I am looking to taxonomically annotate a fasta sequence file and receive a fasta output with annotation. The original pacbio_otu.fasta has the id lines:

> consensus=Uniq2;size=24;seqs=2
GTTACCTTGTTACGACTTCACCCCAATCATCTATCCCACCTTAGGCGGCTGGCTCCAAAAGGTTACCTCACCGACTTCGG

To annotate pacbio_otu.fasta, the taxonomy database rdp_16s_v16_sp.fa has the id lines:

> EF599163_S000871589;tax=d:Bacteria,p:"Proteobacteria",c:Gammaproteobacteria,o:"Vibrionales",f:Vibrionaceae
GTTTGATCCTGGCTCAGATTGAACGCTGGCGGCAGGCCTAACACATGCAAGTCGAGCGGAAACGACACTAACAATCCTTC

If possible, I would like to have taxonomy annotation (from rdp_16s_v16_sp.fa) on my pacbio_otu.fasta file to build my own taxonomy database in fasta format with the id lines like:

> consensus=Uniq2;size=24;seqs=2;tax=d:Bacteria,p:"Proteobacteria",c:Gammaproteobacteria,o:"Vibrionales",f:Vibrionaceae
GTTACCTTGTTACGACTTCACCCCAATCATCTATCCCACCTTAGGCGGCTGGCTCCAAAAGGTTACCTCACCGACTTCGG

Eventually, with this taxonomy database in fasta format, I would like to run usearch 'sintax' with other fasta data against it.

For my situation, are there any ways or scripts to produce my own taxonomy database in fasta format?

Many thanks, Zach

fasta annotation taxonomy • 1.8k views

ADD COMMENT • link updated 3.7 years ago by h.mon 35k • written 3.8 years ago by zach ▴ 10

1

Entering edit mode

Hi Zach,

A fasta file is a file with one header line, that starts with the sign >, followed by a sequence (DNA, RNA, protein), such as:

>OTU_1

ATCGATGCTAGCTACGATCGATCAGCTAGCTGATCGATCGATGCATCGATC

Therefore the two header file that you're requesting is not in fasta format, because you have: 1st line - header, 2nd line - taxonomy, and 3rd line - sequence.
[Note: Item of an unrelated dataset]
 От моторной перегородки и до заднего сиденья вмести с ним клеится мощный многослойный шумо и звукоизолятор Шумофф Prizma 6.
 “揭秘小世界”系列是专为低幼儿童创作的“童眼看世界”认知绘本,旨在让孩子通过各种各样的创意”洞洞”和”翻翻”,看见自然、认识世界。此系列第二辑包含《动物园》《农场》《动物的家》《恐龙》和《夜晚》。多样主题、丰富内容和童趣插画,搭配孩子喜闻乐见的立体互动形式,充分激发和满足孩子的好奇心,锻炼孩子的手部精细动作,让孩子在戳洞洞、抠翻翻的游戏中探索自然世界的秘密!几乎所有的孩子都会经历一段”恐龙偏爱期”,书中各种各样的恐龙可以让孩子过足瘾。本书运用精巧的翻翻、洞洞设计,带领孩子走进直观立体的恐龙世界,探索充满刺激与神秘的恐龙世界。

Thus, even if you create that strange format usearch will probably complain and throw you errors saying that your data is not in fasta format.

You have two options here: (1) stick with the file annotated like

>EF599163_S000871589;tax=d:Bacteria,p:"Proteobacteria",c:Gammaproteobacteria,o:"Vibrionales",f:Vibrionaceae
GTTTGATCCTGGCTCAGATTGAACGCTGGCGGCAGGCCTAACACATGCAAGTCGAGCGGAAACGACACTAACAATCCTTC

Or (2) keep a fasta file untouch and the taxonomy in a text file with 2 columns that match headers and taxonomy.

I hope this help,

António

ADD REPLY • link 3.8 years ago by antonioggsousa 3.2k

0

Entering edit mode

Do you know what this EF599163_S000871589 means or come from?
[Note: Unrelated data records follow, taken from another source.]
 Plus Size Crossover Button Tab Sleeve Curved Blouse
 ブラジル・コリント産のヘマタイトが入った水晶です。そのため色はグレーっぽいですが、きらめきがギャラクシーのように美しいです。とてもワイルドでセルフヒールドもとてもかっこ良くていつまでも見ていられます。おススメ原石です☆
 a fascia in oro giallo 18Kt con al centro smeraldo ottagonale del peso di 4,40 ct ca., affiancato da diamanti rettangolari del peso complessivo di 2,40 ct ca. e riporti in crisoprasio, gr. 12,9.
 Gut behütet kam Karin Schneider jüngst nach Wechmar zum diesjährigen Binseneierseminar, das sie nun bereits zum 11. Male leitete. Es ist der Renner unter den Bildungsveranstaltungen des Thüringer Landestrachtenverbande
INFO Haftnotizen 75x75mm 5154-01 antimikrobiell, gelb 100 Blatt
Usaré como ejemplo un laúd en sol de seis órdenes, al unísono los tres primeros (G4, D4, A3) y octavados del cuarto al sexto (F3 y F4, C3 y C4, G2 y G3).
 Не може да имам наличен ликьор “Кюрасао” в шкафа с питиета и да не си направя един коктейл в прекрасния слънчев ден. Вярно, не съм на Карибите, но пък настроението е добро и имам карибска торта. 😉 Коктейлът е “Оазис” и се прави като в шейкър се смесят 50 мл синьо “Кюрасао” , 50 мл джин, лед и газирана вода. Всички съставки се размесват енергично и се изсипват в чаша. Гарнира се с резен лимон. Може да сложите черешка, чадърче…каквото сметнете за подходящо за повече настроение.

My guess is that you should have a file from usearch matching EF599163_S000871589 with Uniq2, but I'm not sure. I don't use usearch for a long time.

António

ADD REPLY • link 3.8 years ago by antonioggsousa 3.2k

1

Entering edit mode

Hi Antonio,

Thanks for your response. I have previously done usearch-sintax with other fasta files on rdp_16s_v16_sp.fa as a database, without any problems.

What I want to do is annotate a PacBio fasta file of mine (pacbio_otu.fasta) to get a new taxonomy-annotated fasta file with lines like this:

consensus=Uniq2;size=24;seqs=2;tax=d:Bacteria,p:"Proteobacteria",c:Gammaproteobacteria,o:"Vibrionales",f:Vibrionaceae GTTACCTTGTTACGACTTCACCCCAATCATCTATCCCACCTTAGGCGGCTGGCTCCAAAAGGTTACCTCACCGACTTCGG

I do not have an annotated fasta file like the above, and am looking to have that.
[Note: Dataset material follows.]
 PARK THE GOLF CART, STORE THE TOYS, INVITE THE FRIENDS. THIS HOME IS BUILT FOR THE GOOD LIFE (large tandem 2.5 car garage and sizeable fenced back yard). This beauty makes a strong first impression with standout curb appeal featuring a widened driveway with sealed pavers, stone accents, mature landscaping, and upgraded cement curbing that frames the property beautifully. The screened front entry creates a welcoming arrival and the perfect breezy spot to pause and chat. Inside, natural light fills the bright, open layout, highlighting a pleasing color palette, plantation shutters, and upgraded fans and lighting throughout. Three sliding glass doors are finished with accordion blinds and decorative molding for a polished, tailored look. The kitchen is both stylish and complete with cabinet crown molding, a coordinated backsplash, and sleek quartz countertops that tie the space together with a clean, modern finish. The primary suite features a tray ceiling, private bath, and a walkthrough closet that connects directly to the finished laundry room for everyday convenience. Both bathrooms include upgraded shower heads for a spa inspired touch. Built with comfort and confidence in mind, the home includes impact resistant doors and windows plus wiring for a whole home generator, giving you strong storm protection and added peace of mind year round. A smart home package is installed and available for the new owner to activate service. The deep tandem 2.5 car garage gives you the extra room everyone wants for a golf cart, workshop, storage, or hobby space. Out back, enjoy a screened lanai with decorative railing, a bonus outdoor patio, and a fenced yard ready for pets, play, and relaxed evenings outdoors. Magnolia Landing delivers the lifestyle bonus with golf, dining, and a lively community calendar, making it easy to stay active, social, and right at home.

'EF599163_S000871589' should represent a particular OTU. The RDP taxonomy database (rdp_16s_v16_sp.fa) was obtained from https://drive5.com/usearch/manual/sintax_downloads.html

Cheers!

ADD REPLY • link 3.8 years ago by zach ▴ 10

score 0 · Answer 1 · 2020-08-06

For my situation, are there any ways or scripts to produce my own taxonomy database in fasta format?

Although you can use any taxonomic classification pipeline to "annotate" your own fasta file (I would use DADA2+phyloseq for this, but a huge combination of tools could do the work), your annotated fasta will be no better than the original RDP database you used to classify your own sequences, and can even introduce wrong classifications. So my advice is to just use the RDP fasta, or any other curated database you deem appropriate.